I know it all. I lived through it and I felt it. In this new era of openness I have the guts to say it now.
Zimpapers have no moral right to lecture teachers on the new dimensions for education as shown by some of their recent writings. They were accomplices in the oppression of teachers and education, as if being wordsmiths gave them the ultimate intellectual superiority over all to sermonize on education as a priority of the new government!

You now have a perfect opportunity to rewrite the script and usher in a change we all can believe in.

There is a need for an all-encompassing Education Indaba — but this should not be compromised by over-fed and spoilt chefs of Harare’s office corridors, who falsely claim a monopoly of solutions to every problem.

As the new minister, you will also need to engage the parents in the townships and in the rural areas. Education has reverted back to be a preserve for the rich.

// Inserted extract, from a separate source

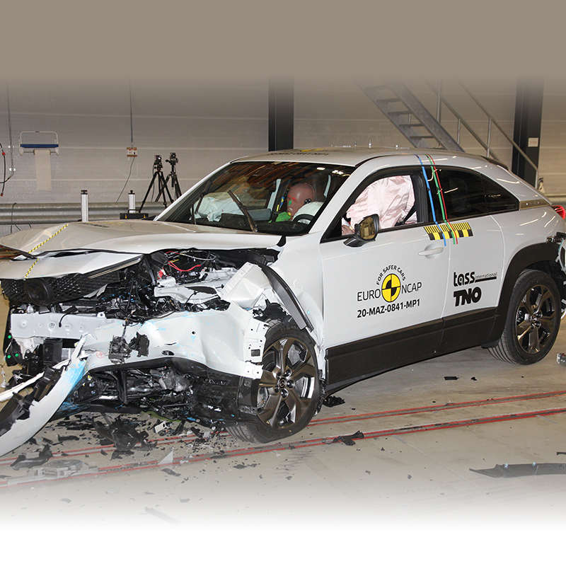 马自达MX- 30在所有四个安全测试类别中的分数分别为:成人乘员安全 91%,儿童乘员安全 87%,弱势道路使用者安全(行人安全)68%和安全辅助 73%。在更具体的测试项目中,MX- 30的侧面碰撞、6岁和10岁儿童成员碰撞保护两个项目的测试分数均为满分。

Why should there always be calls for teachers to be patriotic during the worst of problems nationally as if they eat patriotism? Theirs is a profession where there is nothing to steal for re-sale in order that they survive by putting food on their tables.

I hear there are attempts to woo back those of us who fled, migrated or submitted to cowardice and chose a “safe” life away from this madness we went through? What of the heroes who braved it all and sacrificed to remain behind, do you fail to reward them with a real “thank- you- Maqhawe”?

Real change is what we stayed home to shape, not arrogance and impudence.

I will have failed to congratulate you adequately if I concluded this without mentioning that I intend to mobilize all parents of children attending school in our great country into an institution that will hold you accountable in the delivery of education to our children.
This will be unprecedented but I’m sure you obviously are very passionate about social justice.

Only then will democracy have triumphed and national healing achieved when the education field is levelled for all children without regard to socio-economic background.